Windy itself is a visualisation product. The maps, the layers, the time slider, the model picker - that is the consumer face. Underneath, Windy does not run its own weather model. It re-serves multiple global and regional NWP models (GFS, ICON-EU, AROME, NAM, GFS Wave, CAMS) on top of a very polished UI. The Point Forecast API is the developer entrypoint to those underlying models. Hit it with a lat/lon and a model name, and you get raw forecast values back as JSON - temperature, wind, precipitation, pressure, humidity, the usual NWP variables at the usual pressure levels.

That is the first useful clarification. The Windy API does not produce soaring-derived fields. CAPE is there (it is a standard NWP stability index), but no wstar, no PBL height as a published parameter, no cloudbase derivation, no convergence diagnostic, no day rating. None of that is a criticism of Windy - they are a global multi-model proxy, and the fact that you can hit one API and pull AROME over the Alps and NAM over North America in the same request shape is a real product. It just is not a soaring API. It is a raw-NWP API with a great brand and a great map UI.

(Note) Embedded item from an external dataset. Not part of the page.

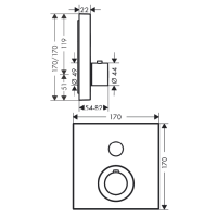 Смеситель Axor ShowerSelect арт. 36714340 предназначен для душа и оснащён термостатическим картриджем для стабильного поддержания температуры воды. Монтаж осуществляется внутренне с использованием скрытой части (заказывается отдельно), после установки элементы управления остаются видимы. Корпус и ручка выполнены из металла в цвете Brushed Black Chrome с матовой отделкой. Управление вентильное, рассчитан на одного потребителя. Гарантия 5 лет.
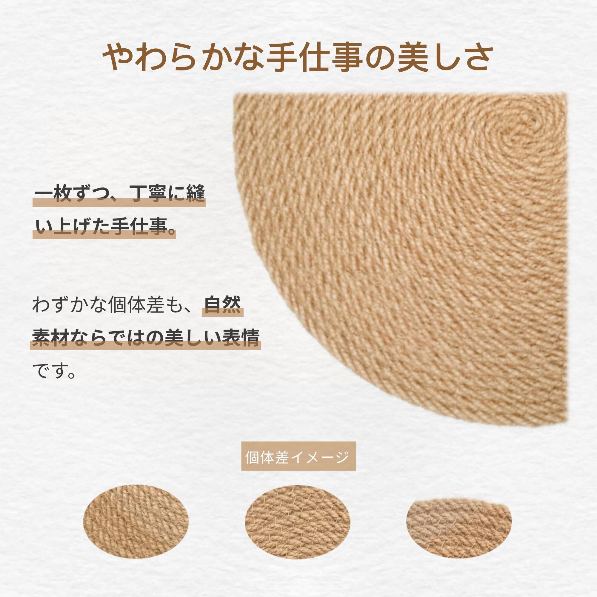 【手作りの温もり】ジュートの組み紐を丁寧に縫い上げた、手作りならではの素朴な温かみが感じられる鍋敷きです。素材の特性上、仕上がりにわずかな個体差がありますが、それもまた、柔らかな印象を持つ自然素材ならではの味わいとしてお楽しみいただけます。

The bit of the pricing page worth pointing out: the Testing tier is free and capped at 500 requests per day, which sounds reasonable until you read the next line of their docs, which is that the Testing tier returns 'randomly shuffled and slightly modified' data and is explicitly not for production. That is a perfectly defensible policy on their end - it stops people running production apps on a free tier - but it is worth knowing before you start building, because it means there is no 'kick the tyres in real conditions' option. You build against fake data, then you commit to the Professional tier at €990/year flat for 10,000 requests/day to see real numbers. There is no middle.

What Windy is excellent at: brand recognition with pilots (which matters more than you might think when you are pitching a tool), a polished consumer product that 'just works', and broad multi-model NWP access through a clean API. If you are building a general-purpose aviation weather tool that needs raw GFS or AROME at a point, anywhere on the globe, with a model picker, Windy is hard to beat.

What it is not: a soaring data layer. The fields a soaring app needs (wstar, BL height, BL top, soaring ceiling, MSL cloudbase, convergence) are not in the response. You can derive some of them from raw fields with enough effort - which is exactly what running your own WRF amounts to, and at that point you might as well let someone else do it. The side-by-side comparison page covers the pricing, the models, and the field-set differences in more detail.

I have nothing against Windy. I use it every flying weekend. The point of writing this post is to spare other devs the half-day where they realise 'has an API' does not necessarily mean 'has the data I need'.